The node allocated to our reservation can be found by looking at the assigned_hostnames
property of the oarstat output.
This will help us log into our resource during the next step.
Connecting to the reservation¶
Now that we have a resource reserved, we can connect to the node allocated and use it. This can be done using SSH:
[user@fluxembourg|~]$ ssh clervaux-11
user@clervaux-11:~$
You can also use the following command to get connected to the node:
[user@fluxembourg|~]$ oarsub -C
user@clervaux-11:~$
oarsub -C
will work only if you have one reservation currently ongoing at the moment. If you have several reservations running at the same time,oarsub
can't decide which node it will send you to, and it will ask you to enter the OAR Job ID like this:oarsub -C <jobid>
You should see that your prompt changed: it now displays the current Grid'5000 node on which you are logged.

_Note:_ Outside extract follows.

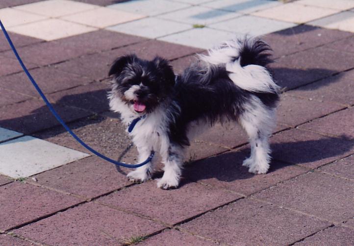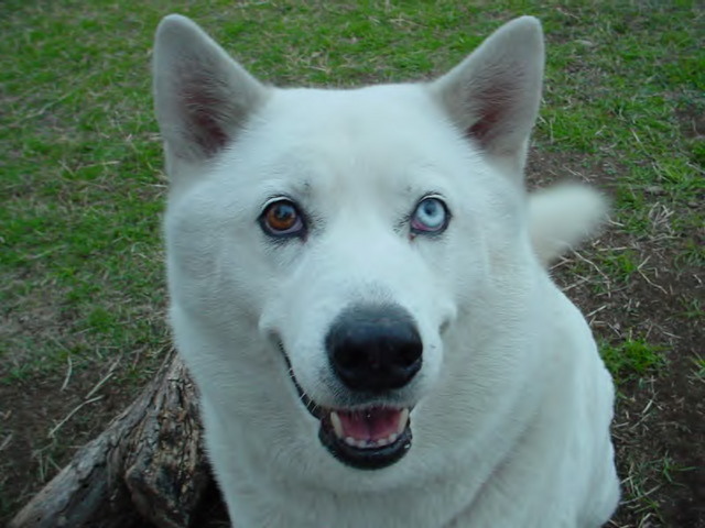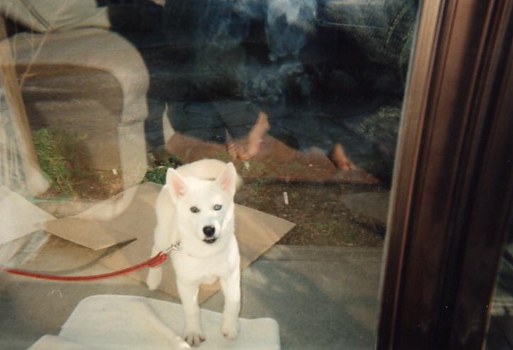 「私、遊です。足を上げて用足しをするので男性?と思われているかもネ。でも女の子ですよ。私の母は純粋のハスキー犬なの、でもね道ならぬ恋に落ちて、生まれたのが私、父親は風来坊。それで困った飼い主が土屋の動物保護センターに一ヶ月足らずの私を置いて行ちゃたの。それから、育てのママに出会うまでの二ヶ月半、犬の世界の掟を先輩犬に教え込まれたの。だから、上下関係にはちょっと煩いのね。ハスキーのMIXという事で引き取り手がいなくて諦めかけた時ママと出会ったの。この機会を逃したらお終りだと思って、腰の引けてるママに愛想を振り撒いて、引き取らせたの。私って結構苦労犬でしょ。だから、イタズラをすると「いい子にしないと。センターに返品しますよ!」て怒られたけど、この頃は、お姉さんに「ママ、返されたセンターも迷惑だから」と言われ、ママも変に納得して言わなくなったわね。それって、どう解釈したら良いのかしら・・ネ。昔の写真を見ると結構スマートだったのね。みんなが会うたびに「遊ちゃん太った?」て言うけど、確かに育ったわね。そろそろ年だから体重を落とさなきゃ長生き出来ない?ううん、私は、ヒート君やシェルベルちゃんの分も、太く・長〜く生きてやる!」

Information about storage on Grid'5000¶
On Grid'5000 infrastructure, users have access to several means of storing their files. First, each user is allocated one homedir directory per site, with a 25GB soft quota (and 100GB hard quota). These homes are mounted by default on the nodes that are used by an experiment.
Apart from this homedir mounted via NFS, computing nodes have their own filesystem on disk by default.
This means that if someone is writing files into /tmp
or /var
they are writing directly to the nodes' disk, thus having quicker IOs than if they were writing in their home via NFS.
However, disks are not persistent on Grid'5000, so any file written on a node's disk will be lost eventually.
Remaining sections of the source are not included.